Accuracy and Limitations
What makes calculations accurate:
- Complete shipment data
- Recent tracking information
- Actual routes (not just planned)
- Carrier-specific fuel efficiency data
- Real load factors
What limits accuracy:
- Missing shipment details → Uses averages
- Old shipments → Data may be incomplete
- Estimated routes → May differ from actual
- Generic vessel data → If specific vessel unknown
- Weather/speed changes → Not factored in real-time
Typical accuracy range:
- Complete data: ±10-15% accuracy
- Incomplete data: ±20-30% accuracy
- Very limited data: ±30-50% accuracy
Dockflow may show warnings or notes when calculations rely heavily on estimates. Look for:
- "Estimated using average emission factors"
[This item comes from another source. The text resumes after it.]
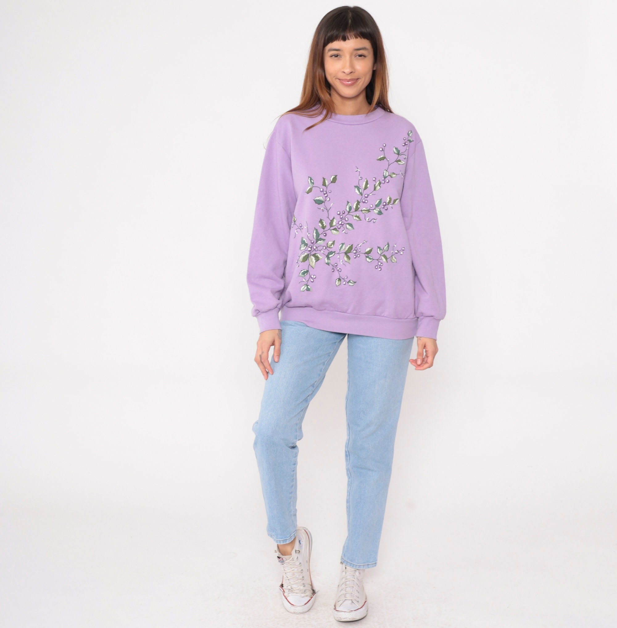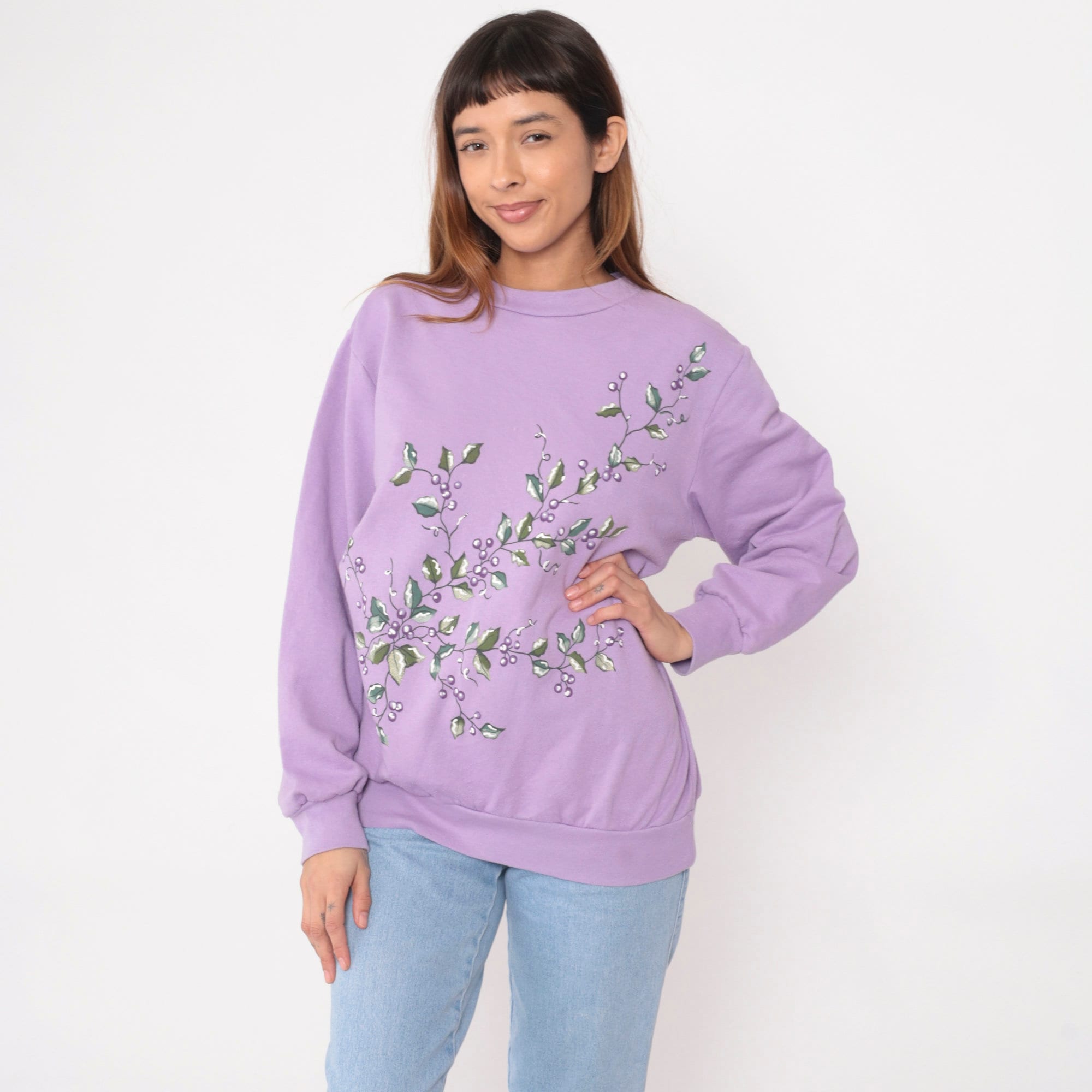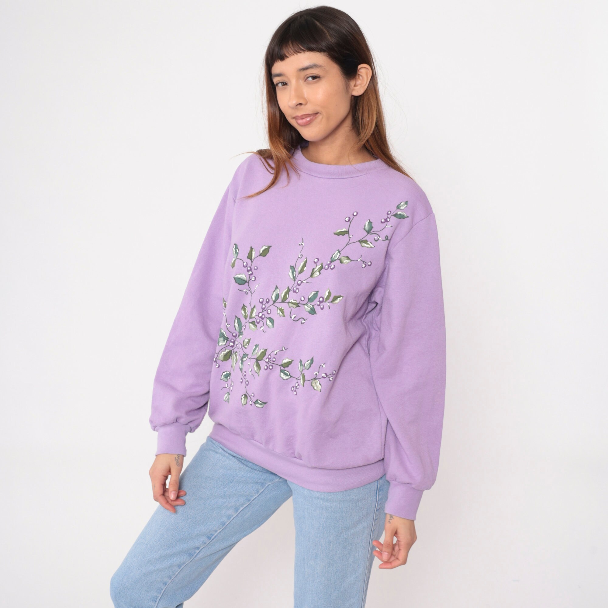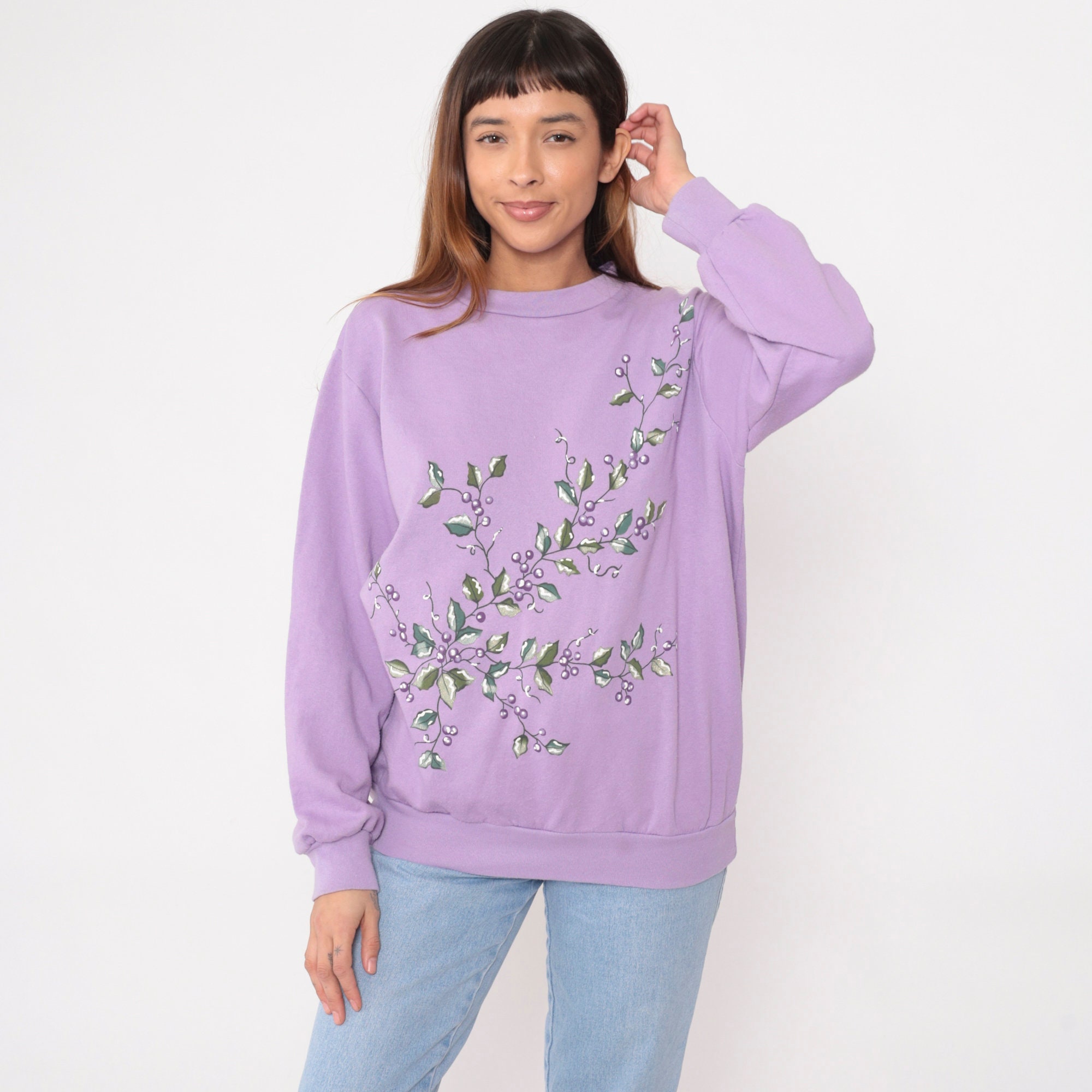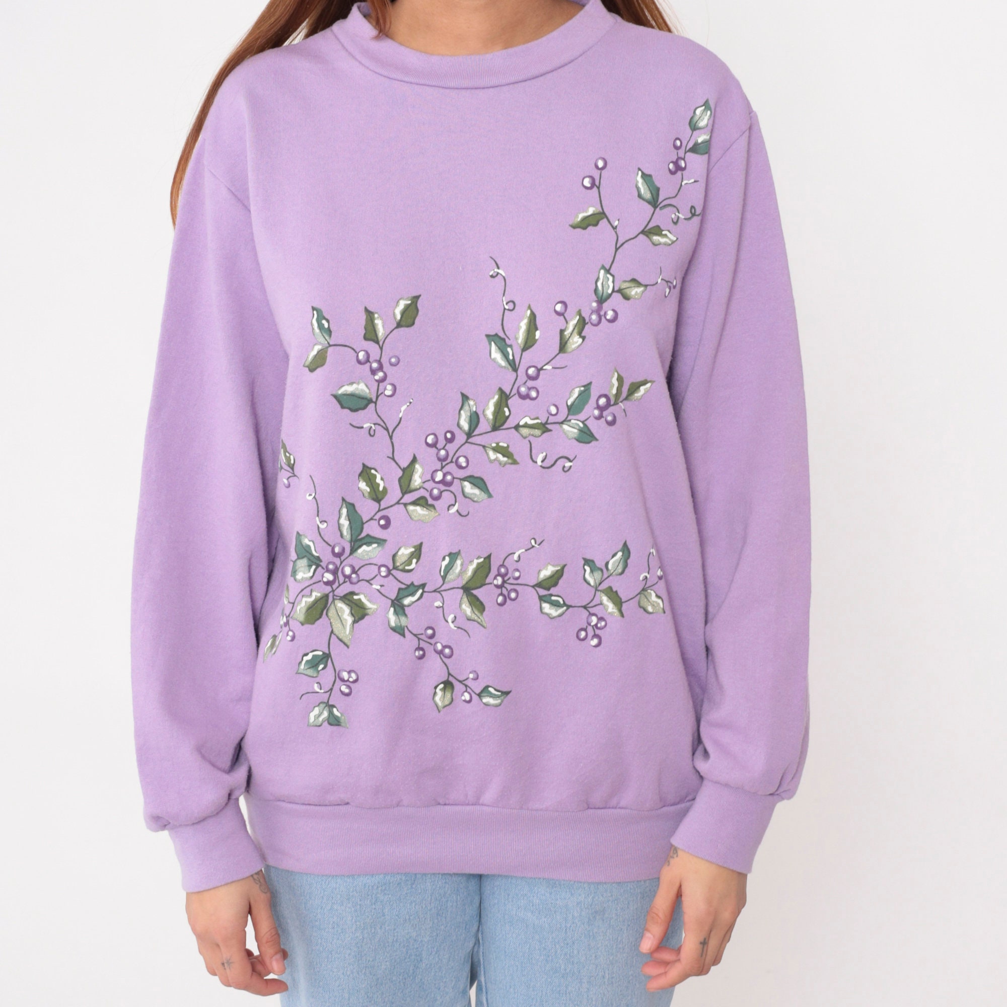 Vintage 90s sweatshirt in lavender with a plant print with purple berries.

- "Route data incomplete - using direct distance"
- "Calculation based on limited data"
Using CO2 Data
Sustainability Reporting
ESG Reports:
- Include Scope 3 emissions (transport and distribution)
- Report total annual shipping emissions
- Track reduction progress over time
- Provide stakeholder transparency
Export emissions data:
- Calculate emissions for all shipments
- Export dashboard with CO2 column enabled
- Import into reporting tools
- Aggregate and analyze
Reporting standards alignment:
- GHG Protocol (Greenhouse Gas Protocol)
- CDP (Carbon Disclosure Project)
- TCFD (Task Force on Climate-related Financial Disclosures)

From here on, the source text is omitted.